The World Reference Laboratory for Foot-and-Mouth Disease (WRLFMD) plays a key role in international surveillance and control of FMD by receiving, characterising, cataloguing and sharing genetic materials from around the world. In doing so, we are committed to full compliance with the Nagoya Protocol on Access and Benefit-Sharing.
The Nagoya Protocol is an international agreement that gives countries the right to control access to their genetic resources and to ensure that any benefits arising from their use are shared fairly.

Our Approach to Compliance

  1. Responsible Use
    The WRLFMD uses genetic resources for purposes such as disease surveillance, diagnostics (including test validation), and outbreak response. These activities do not involve "utilisation" as defined under the Nagoya Protocol (i.e., research and development on the genetic or biochemical composition of the material).

  2. Respect for Country of Origin
    In most cases, materials are sent to us voluntarily by local reference laboratories or research organisations in the country of origin as part of collaborative efforts to support disease surveillance and response. As a result, we may not always be involved in the initial decision to share the material.

    Nevertheless, we will make every effort to understand and comply with any conditions set by the provider organisation and will honour all restrictions or terms communicated to us, in line with the spirit of the Nagoya Protocol.

  3. Controlled Sharing
    We may share materials with other designated reference laboratories, strictly for disease surveillance and control purposes and within the terms of the original terms from the provider. On receipt of a request to share material, the WRLFMD will work with the third party to determine whether the intended use falls within or outside of the scope of the Nagoya Protocol.

    If a third party wishes to use genetic resources for research or product development (such as creating new vaccines; see examples below), we will only transfer the material if:
    • They have obtained the required permissions (such as Prior Informed Consent and Mutually Agreed Terms) from the country of origin; and
    • Their proposed use complies with the access terms under which the material was originally shared with the WRLFMD.

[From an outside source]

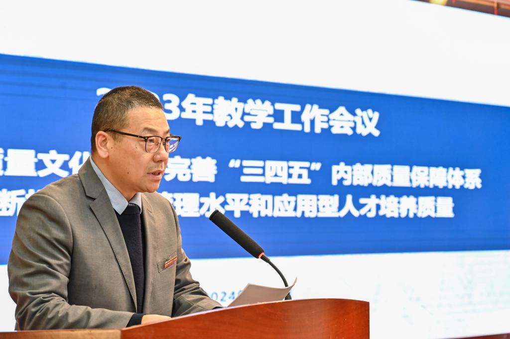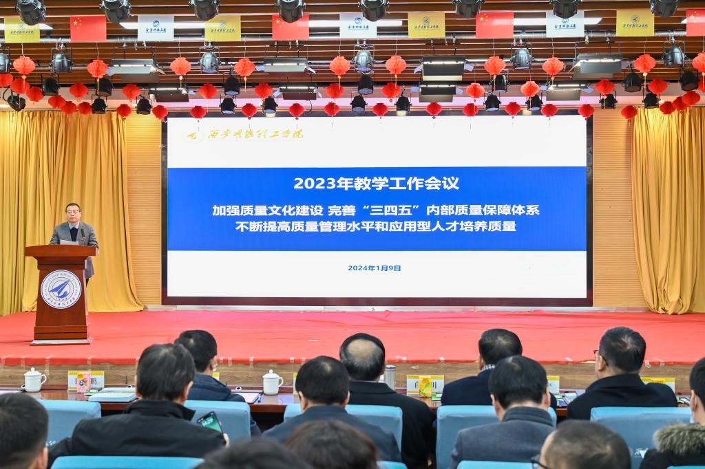 1月9日下午,学校在建德楼组织召开2023年教学工作会议。此次会议主题为“加强质量文化建设,完善‘三四五’内部质量保障体系,不断提高质量管理水平和应用型人才培养质量”。全体校领导,各二级学院领导班子、办公室主任、专业负责人、教研室主任、课程负责人、教务员、质量管理员、教师代表、辅导员代表,各职能部门、教辅单位负责人,教学督导及教务处、质量管理与评估办公室全体人员等270余人参加了此次会议,会议由副校长朱延波主持。
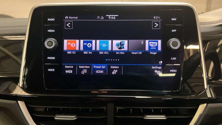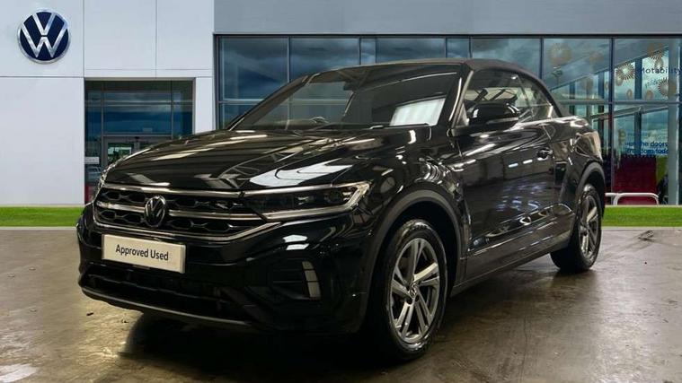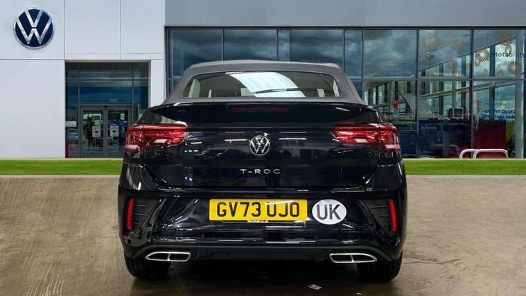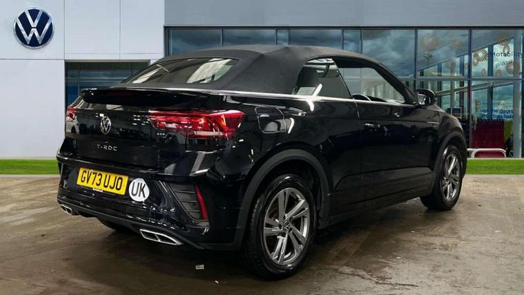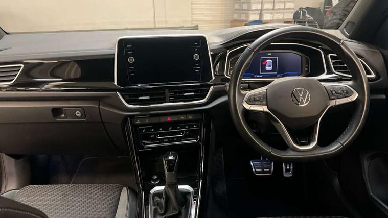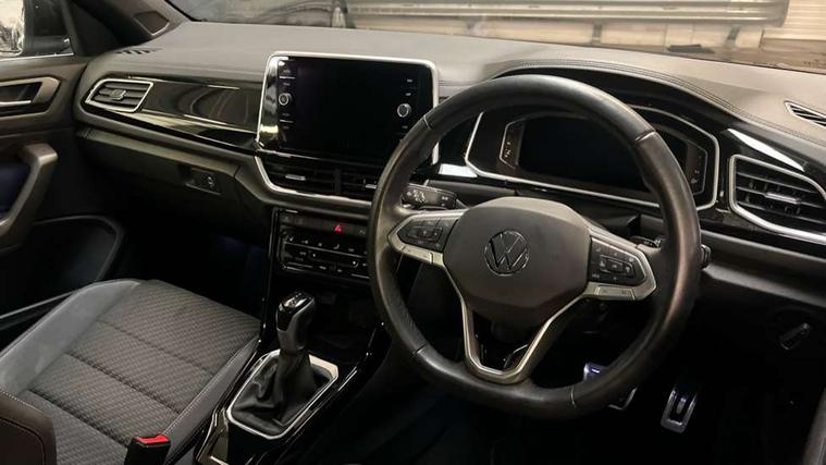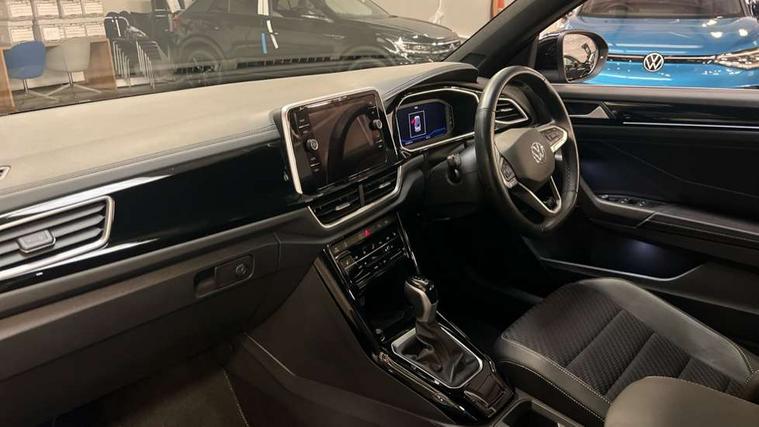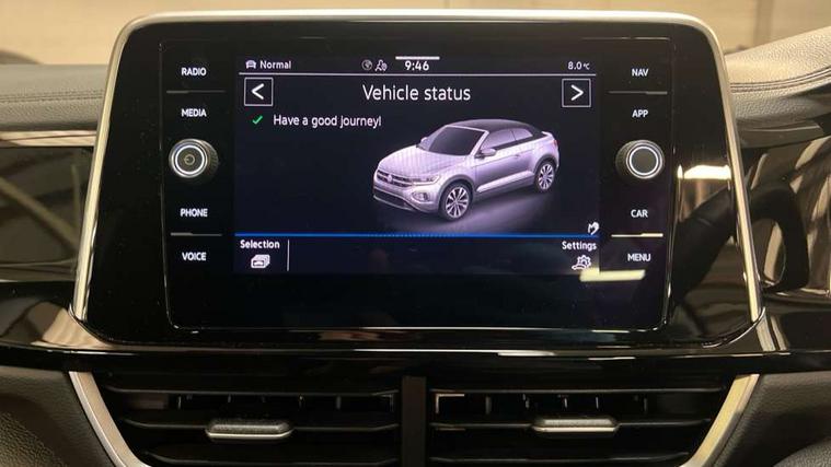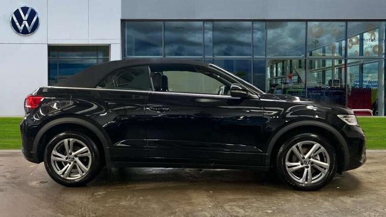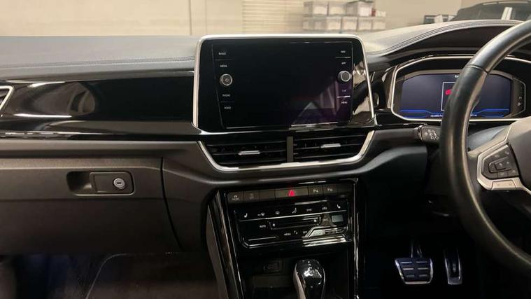 Adaptive cruise control and speed limiter, Advanced driver attention and drowsiness monitor, Bluetooth mobile phone interface, Brake pad wear indicator, Car information display, Digital Cockpit Pro with 10.25" Display, Driver tips and journey analysis, Emergency call service, Modified key software - reduce switch off time for key status change to Long no motion, Multifunction computer with visual gear change recommendation for fuel consumption, Multifunction front facing camera, Online services, Park assist including front and rear parking sensors, Speedo and rev counter, electronic odometer, trip, service interval display and exterior temperature gauge, Start/stop system with brake energy recovery, Tailgate/trunk lid release from outside, Warning sound and light for front seatbelts unfastened, Diversity antenna for FM reception, Music playback - MP3, WMA and AAC files, SMS functionality - read, compose and send SMS messages using touch-screen display, Title and cover art display, USB-C Interface and USB charging socket, We Connect and We Connect Plus functionality, Ambient lighting with logo projection, Auto dimming interior rear view mirror, Automatic hazard lights activation under emergency braking, Automatic headlight control with LED separate daytime running lights with coming/leaving home function, Black roof, Body colour door handles, Body colour rear spoiler, Chrome effect left and right trapezoid exhaust tailpipe fascia surround, Chrome trim on upper and lower radiator grille, Dark red rear combination lamps in LED technology, Dusk sensor, Exterior mirrors aspherical on driver side, convex on front passenger side, Heat insulating glass windscreen, High level 3rd brake light, LED rear number plate lights, Power operated canvas convertible top, Power windows with comfort operation and circuit breaker, R-Line design body coloured bumpers, Rain sensor, Rear boot, Rear exhaust tailpipe, Rear fog light on one side and reversing lights on both sides, Remote electrically foldable door mirrors, puddle lights and reverse activated passenger door mirror, Volkswagen roundel, Windscreen wiper with intermittent wipe light, Without exterior ambient lighting, 12V socket in centre console storage area, 2 LED front reading lights, 2 seat bench in 2nd row, 50:50 Split folding rear seat backrests with fixed rear seat bench, Air care climatronic air conditoning system with active combination filter and 2-zone temperature control, Black door lower parts with chrome trim, Chrome plated surround to light, mirror and window switch, Door and side trim panel with leatherette insert, Easy entry backrest release, Front and rear carpet mats with black stitching, Front centre armrest, Front cupholders x 2, Front door pockets, Front seat back storage pockets, Front sports comfort seats with manual height adjustment, Heated leather wrapped multi function sports steering wheel with tiptronic, Height/reach adjust steering wheel, Inserts of front seats and outer rear seats in ArtVelours titan black, Instrument lighting, white adjustable panel illumination, Interior light delay, Interior light in footwell, Interior lighting with switch off delay and contact switches on all doors, Interior white ambient lighting and surround lighting, Isofix child seat preparation, Lockable glove compartment with light, Luggage compartment lighting, Power adjustable lumbar support in front, Rear head restraints, Single front passenger seat, Stainless steel pedals, Sun visors with illuminated vanity mirrors, Unique R Line door sill protectors, Driver assistance pack without proactive passenger protection - T-Roc Cabriolet DSG, Sports pack - T-Roc cabriolet, 2 x 3-point seatbelts/outer rear seats with ECE label, Driver and front passenger airbag with front passenger airbag deactivation, Driver and front passenger safety-optimised head restraints, Drivers seatbelt reminder, Electronic parking brake, Electronic Stability Control (ESC) including ABS, ASR and EDL, Front and rear disc brakes, Front assist with autonomous emergency braking, Pedestrian monitoring, Predictive pedestrian protection, Rigid safety cell with front and rear crumple zones, Side airbag/thorax airbag system, for front passengers, Three point height adjust front seatbelts + pretensioners, Two tone horn, Tyre pressure loss indicator, Volkswagen roadside assistance, Anti-theft alarm system with interior protection and central locking system with SAFELOCK, radio remote control and 2 remote control folding keys, Electronic engine immobiliser, Trims for alloy wheels,

  4. Due Diligence and Record-Keeping
    We maintain clear documentation for all materials received and distributed. This includes tracking permissions, conditions of use, and provider and recipient details. Materials are shared under strict Material Transfer Agreements which define their permitted use, and make clear that the recipient of material must comply with any applicable access and benefit sharing legislation.

Our Commitment

We support global efforts to control diseases while fully respecting the rights of countries over their genetic resources. Our practices aim to promote transparency, trust, and collaboration in line with the spirit and requirements of the Nagoya Protocol.

Examples

Specific examples of activities that are restricted by the Nagoya Protocol. This list was prepared by the international FMD community (www.foot-and-mouth.org) as part of a review to highlight the impacts of the Nagoya Protocol (Horsington et al., 2023).

Uses of material that require PIC (Prior Informed Consent) and MAT (Mutually Agreed Terms) before the WRLFMD will supply to a third party:
Any genetic resource that is the subject of utilisation

This includes:

  • A field strain of FMDV used to develop a vaccine seed stock;
  • An FMD virus being developed to become a component of a therapeutic agent;
  • An FMD virus being developed to become a research tool or to generate new knowledge);
  • An FMD virus being developed to become an integral component of a diagnostic test (i.e., required for the test to function);
  • Production of recombinant FMDV proteins for research or commercial purposes that utilise specific genetic information derived from field viruses (depending on the legal status of digital sequence information [DSI] in the relevant national ABS regulation of the source country);
  • Contract research that includes any of the above examples.

Material may be supplied by the WRLFMD to third parties to cover the following activities:
Any genetic resource that is not the subject of utilisation (i.e., no research and/or development is taking place, (depending on [i] a review of the specific request and [ii] accommodation of any conditions set by the provider organisation).

This may include:

  • Material used for taxonomy or identification of a resource. For instance, confirmatory testing or sequencing of samples received by a FMD reference laboratory;
  • Antigenic characterisation of field strains (vaccine matching);
  • FMD viruses used as challenge strains in animal trials;
  • Materials used as a positive or negative controls for diagnostic tests (i.e., as a measured analyte);
  • Samples used as components in a proficiency testing panel;
  • Long-term archiving of materials.

Reference

Horsington J, Abbeloos E, Kassimi LB, Boonsuya Seeyo K, Capozzo AV, Chepkwony E, Eblé P, Galdo-Novo S, Gizaw D, Gouverneur L, Grazioli S, Heath L, Hudelet P, Hyera JMK, Ilott M, King A, Lefebvre DJ, Mackay D, Metwally S, Mwiine FN, Nfon CK, Park MK, Pituco EM, Rosso F, Simon F, Ularamu HG, Vermeij P, Vosloo W, King DP (2023). Application of the Nagoya Protocol to veterinary pathogens: concerns for the control of foot-and-mouth disease. Frontiers in Veterinary Science, 10:1271434. doi: 10.3389/fvets.2023.1271434.